Mixed convection of Ferro hybrid-nanofluid (Fe3O4/Cu /H2O) moving through a vertical channel in the existence of a uniform transverse magnetic field has been fulfilled in this article. Assuming that the sides of the channel are undergoing thermal radiative flux and variable temperature, under these assumptions a system of partial differential equations due to momentum, energy, and induced magnetic has been deemed. Using the non-dimensional variables technique, the system transformed to ordinary differential equations, which were solved analytically for both cases of buoyancy force. The velocity and temperature profiles are also presented, as well as the Nusselt number, which is calculated and then analyzed as the relevant parameters are varied. The results revealed that hybrid fluids, magnetic fields, and thermal radiation all have an impact on velocity, induced magnetic, and temperature behavior. Furthermore, nanoparticle concentration and magnetic field have a strong influence on the critical Rayleigh number at the commencement of flow instability.
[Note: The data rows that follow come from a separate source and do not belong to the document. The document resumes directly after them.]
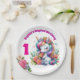 Niedliche Whimsical Floral Unicorn Girly 1. Geburt Pappteller
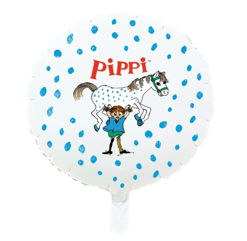 Rund folieballong med Pippi Långstrump-motiv! Den vita ballongen är prydd med blå prickar och passar perfekt för ett födelsedagskalas med Pippi-tema. Matcha gärna med övriga Pippi-produkter.
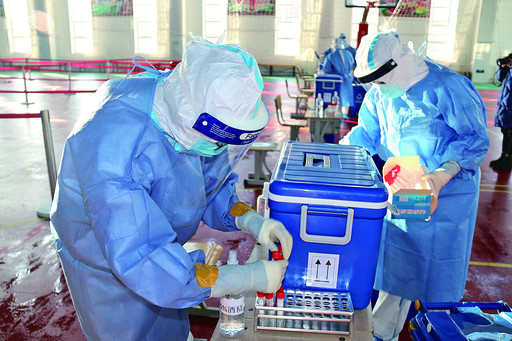 医务工作者正在为群众做核酸检测 王天茹 摄
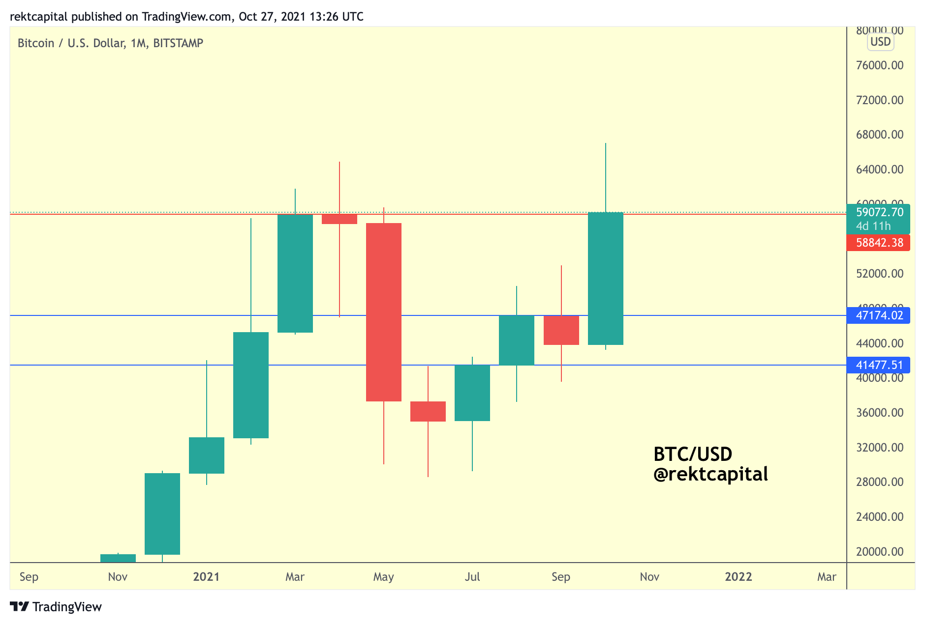 A Monthly Close above this red resistance level of ~$58800 would be a great initial sign for this resistance potentially giving way in November.
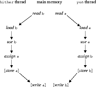 In what order may the operations by the main memory occur? The only constraint is that it is not possible both for the write of a to precede the read of a and for the write of b to precede the read of b, because the causality arrows in the diagram would form a loop so that an action would have to precede itself, which is not allowed. Assuming that the optional store and write operations are to occur, there are three possible orderings in which the main memory might legitimately perform its operations. Let ha and hb be the working copies of a and b for the hither thread, let ya and yb be the working copies for the yon thread, and let ma and mb be the master copies in main memory. Initially ma=1 and mb=2. Then the three possible orderings of operations and the resulting states are as follows:
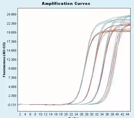 人類(lèi)DNA目標序列按10倍梯度稀釋?zhuān)?0,000 - 10拷貝/孔,3次重復),PCR反應配置完成后,立即上機反應(相應結果曲線(xiàn)為藍色),或在自動(dòng)上樣裝置中放置24小時(shí)后再上機反應(相應結果曲線(xiàn)為紅色)。兩種樣本的擴增曲線(xiàn)及相應Cp值說(shuō)明:熱啟動(dòng)酶預混反應液的性能不會(huì )被延長(cháng)的放置時(shí)間所影響

Referring to the obtained results, one can observe that wall shear stress is reduced by 5% as the nanoparticles increase from 5 to 10% (for aiding buoyancy) and by 40–50% for opposing buoyancy. Also, adding 1% Cu – 10% Ferro-fluid reduces wall shear stress by 2%. More results, as well as the impacts of the relevant parameters on the hybrid-nanofluid temperature, velocity, and induced magnetic field, as well as the shear stress and rate of heat transfer at the channel wall, are shown in figures and tables, followed by a detailed discussion.